2 Clinical Trials for Various Conditions
The purpose of this study is to see whether it is feasible to conduct a study to determine if the use of hyaluronic acid (HLA) vaginal gel (HyaloGYN®) improves vulvovaginal health. This study aims to look at whether or not HyaloGYN® is effective in women with a history of hormone receptor positive cancer and experiencing vaginal and/or vulvar symptoms of estrogen deprivation following their breast and endometrial cancer treatment.
Most young breast cancer patients undergo chemotherapy and/or endocrine therapy, treatments that impair ovarian function and result in significant reproductive health late effects. These late effects include symptoms of estrogen deprivation (e.g., hot flashes and vaginal dryness), which are distressing in young breast cancer survivors (YBCS).

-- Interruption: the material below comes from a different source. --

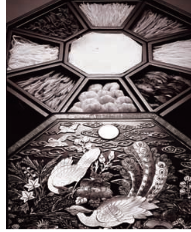
Kujorupan (an imperial dish)

Another popular dish in Korea is called kujorupan (see photo). Known as an imperial dish of the Choson Dynasty, nine separate ingredients are presented. Served from an eight-sided, nine-sectioned serving dish with an eight-sided space in the center where white, crepe-like wrappers are placed. Within each of the other eight sections are placed single ingredients, each either green, red, yellow, or black. This dish is eaten by placing a small amount of each item from the eight surrounding sections on a crepe (made of a thinlyfried wheat mixture) from the center section, and then wrapping up

The goal of this pilot study is to test the feasibility of a 4-week text message based intervention on hot flashes and vaginal dryness in YBCS. YBCS will be randomized in a 1:1 ratio to the intervention (text messages on hot flash and vaginal dryness management) and control arms. All participants will be prompted to provide daily hot flash frequency and severity via text messaging. The primary hypothesis is YBCS will have high rates of daily hot flash reporting via text messaging. Secondarily, we will compare changes in hot flash frequency, hot flash severity and vagina dryness between the intervention and control arms.